Corporate Information
We are a corporation organized under the laws of the State of Delaware. Our principal executive offices are located at 701 Koehler Avenue, Suite 7, Ronkonkoma, NY 11779, our telephone number is (631) 981-9700 and our website is located at www.lakeland.com. The contents of our website are not part of this prospectus.
Our Business
We manufacture and sell a comprehensive line of safety garments and accessories for the industrial protective clothing market. Our products are sold by our in-house customer service group, our regional sales managers and independent sales representatives to a network of over 1,200 North American safety and mill supply distributors. These distributors in turn supply end user industrial customers, such as integrated oil, chemical/petrochemical, utilities, automobile, steel, glass, construction, smelting, munition plants, janitorial, pharmaceutical, mortuaries and high technology electronics manufacturers, as well as scientific and medical laboratories. In addition, we supply to federal, state and local governmental agencies and departments, such as fire and law enforcement, airport crash rescue units, the Department of Defense, the Department of Homeland Security and the Centers for Disease Control. However, internationally sales are to a mixture of end users directly and industrial distributors depending on the particular country market. Sales are made to more than 40 foreign countries, but are primarily in Brazil, China, Canada, Australia, Chile and Argentina and the regions of the European Community.

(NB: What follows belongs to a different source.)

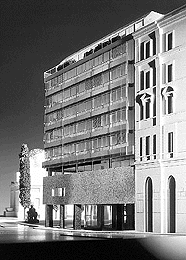 Es gehört zu Roland Rainers Credo vom „Bauen in der Altstadt“, vom „Bauen in der Großstadt“ und vom „Bauen für die postindustrielle Gesellschaft“, daß sich diese unterschiedlichen Funktionen nach außen sichtbar ausdrücken. Daher war Rainer an der Basis Schwere wichtig, darüber sollte es leicht sein, schweben, und ganz oben kam es darauf an, die Masse des Bauwerks zu relativieren. Diese Nutzungsvorgaben im Verein mit dem spezifischen Standort führten zu einer Fassadenlösung, die Einheitlichkeit bewußt vermeidet. Unten: Steinverkleidungen in Granit, im Arkadenbereich in schwarzem Labrador; darüber ein durchgehendes, schmales Fensterband, das wie ein dunkler Schlitz wirkt und von dem sich der „schwebende“ Kubus des Bürokomplexes mit seiner Haut aus Glas deutlich absetzt.

We have operated manufacturing facilities in Mexico since 1995, in China since 1996, in India since 2007 (in the process of being sold) and in Brazil since 2008 (in the process of being restructured). In 1995, we began to move the labor intensive sewing operation for our limited use/disposable protective clothing lines to these facilities. Our facilities and capabilities in China and Mexico allow access to a less expensive labor pool than is available in the United States and permit us to purchase certain raw materials at a lower cost than are available domestically. As we have increasingly moved production of our products to our facilities in Mexico and China, we have experienced improvements in the profit margins for these products.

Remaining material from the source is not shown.